(Extracted entries Opens)

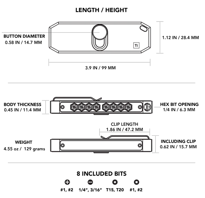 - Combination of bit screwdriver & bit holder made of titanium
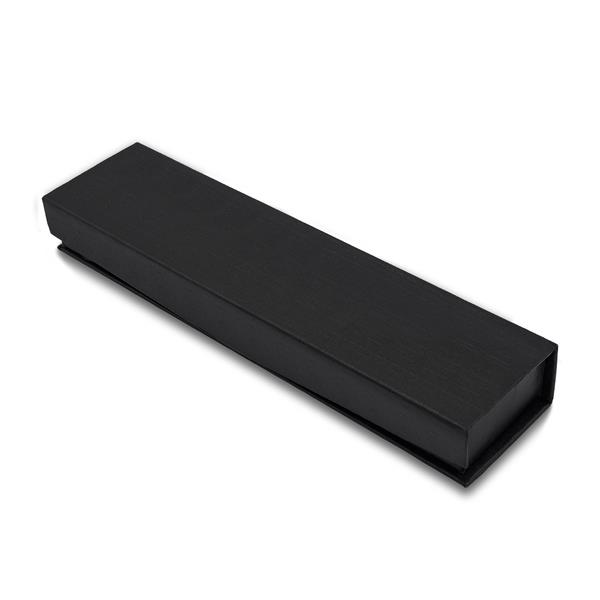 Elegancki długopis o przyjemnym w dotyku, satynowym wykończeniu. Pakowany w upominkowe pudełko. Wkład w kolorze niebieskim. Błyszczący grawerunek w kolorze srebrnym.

(Extracted entries Closes)
(Extracted entries Opens)

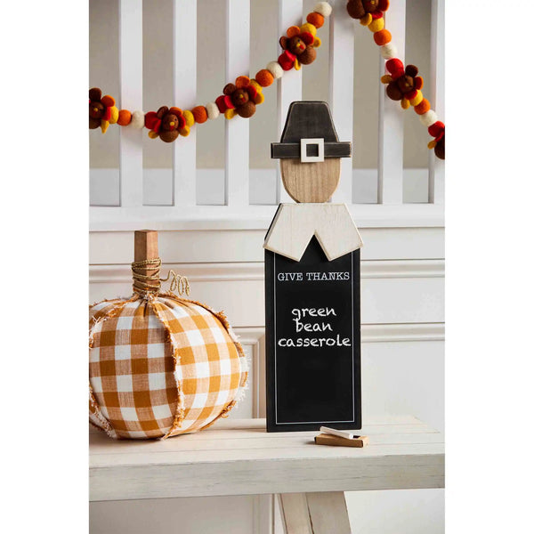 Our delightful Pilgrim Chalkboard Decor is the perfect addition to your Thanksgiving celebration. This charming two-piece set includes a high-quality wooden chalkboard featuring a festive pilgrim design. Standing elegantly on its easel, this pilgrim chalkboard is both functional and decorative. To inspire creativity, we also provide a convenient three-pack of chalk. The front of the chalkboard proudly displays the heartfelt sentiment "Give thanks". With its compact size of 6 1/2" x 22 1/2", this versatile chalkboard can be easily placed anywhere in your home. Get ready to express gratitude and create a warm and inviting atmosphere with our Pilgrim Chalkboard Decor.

(Extracted entries Closes)
(Extracted entries Opens)

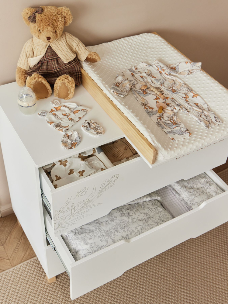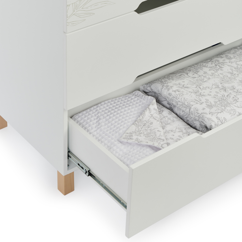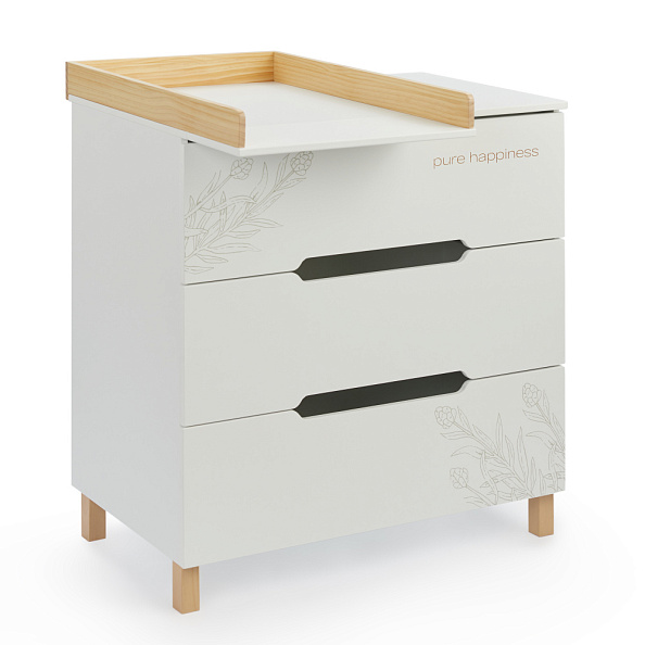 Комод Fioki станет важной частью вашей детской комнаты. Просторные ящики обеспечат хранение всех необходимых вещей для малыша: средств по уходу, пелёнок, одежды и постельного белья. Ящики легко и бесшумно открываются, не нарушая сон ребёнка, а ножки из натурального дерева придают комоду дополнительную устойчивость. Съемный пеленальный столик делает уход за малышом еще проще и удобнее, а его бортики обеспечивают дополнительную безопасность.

(Extracted entries Closes)

→ **Exercise description**: Of the lines above, copy only those from the one holding "- Combination of" to the one holding "Elegancki długopis o", both included, and exclude every image.

→ **The completed task**:
 - Combination of bit screwdriver & bit holder made of titanium
 Elegancki długopis o przyjemnym w dotyku, satynowym wykończeniu. Pakowany w upominkowe pudełko. Wkład w kolorze niebieskim. Błyszczący grawerunek w kolorze srebrnym.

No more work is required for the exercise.